Summary
finding on a motion to compel arbitration that forum selection and choice of law provision were not rendered unenforceable by California Franchise Investment Law
Summary of this case from Millenium 3 Technologies v. Arinc, Inc.Opinion
Case No. CV 08-00888 DDP (MANx).
May 5, 2008
ORDER DENYING MOTION TO COMPEL ARBITRATION IN CALIFORNIA
This matter is before the Court on Plaintiff's motion to compel arbitration in California and to stay arbitration proceedings in Pennsylvania. After reviewing the papers submitted by the parties and considering the arguments therein, the Court is denies the motion and adopts the following order.
I. BACKGROUND
Plaintiff Jim Smith is a franchisee of Defendant Paul Green School of Rock Music Franchising, LLC ("PGRSM"), a franchisor that promotes schools specializing in a rock music curriculum for youth with an innovative performance-based method of instruction.
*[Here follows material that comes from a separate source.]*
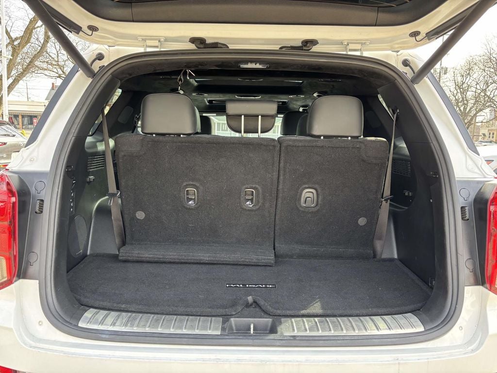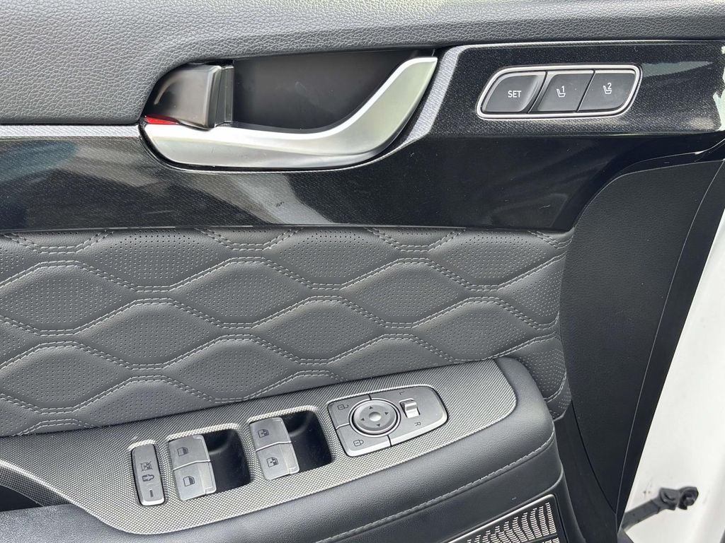 Meticulously crafted with an array of premium features, the Palisade Calligraphy is a true standout in its class. Highlights include - Backup Camera, Cargo Net, Cargo Tray, Cargo Cover/Screen, and Mudguards. But the true allure of this SUV lies in its exceptional package, which includes - 12 Speakers, harman/kardon® Speakers, Radio: AM/FM/MP3 Premium Audio System, Rear air conditioning, Heads-Up Display, Memory seat, Steering wheel mounted audio controls, Power Liftgate, Electronic Stability Control, Auto-leveling suspension, Auto High-beam Headlights, Delay-off headlights, Fully automatic headlights, Heated door mirrors, Turn signal indicator mirrors, Apple CarPlay & Android Auto, Auto-dimming Rear-View mirror, Front reading lights, Heated steering wheel, Trip computer, Navigation System, ABS brakes, Dual front side impact airbags, Front Center Armrest, Heated & Ventilated Front Bucket Seats, Heated & Ventilated Front Seats, Premium Nappa Leather Seat Trim, Ventilated front seats, Ventilated rear seats, Panic alarm, Security system, Power moonroof, Rain sensing wipers, Rear window wiper, and Variably intermittent wipers.

In 2006, Smith and PGSRM entered a ten-year franchise agreement. The agreement allowed Smith to establish a PGRSM school in Agoura Hills, California and provided Smith with rights to establish schools in other locations. The agreement placed certain performance obligations on PGRSM to assist Smith as one of its franchisees. The agreement further provided for arbitration of disputes in Philadelphia, Pennsylvania.
Soon after entering the agreement and opening the Agoura Hills location, Smith claims that he began having problems with PGRSM. Smith alleges PGRSM made false and misleading statements regarding its curriculum when it in fact "has no curriculum." (Mot. 3.) Smith further alleges that PGRSM did not perform a number of its obligations under the franchise agreement, engaged in activities detrimental to Smith's ability to operate a successful franchise, and required Smith to utilize a flawed billing system that angered customers and increased operation costs. Smith asserts that he and other franchisees complained to PGRSM regarding its practices, and afterwards, that PGRSM submitted a demand for arbitration claiming that Smith did not properly report royalties.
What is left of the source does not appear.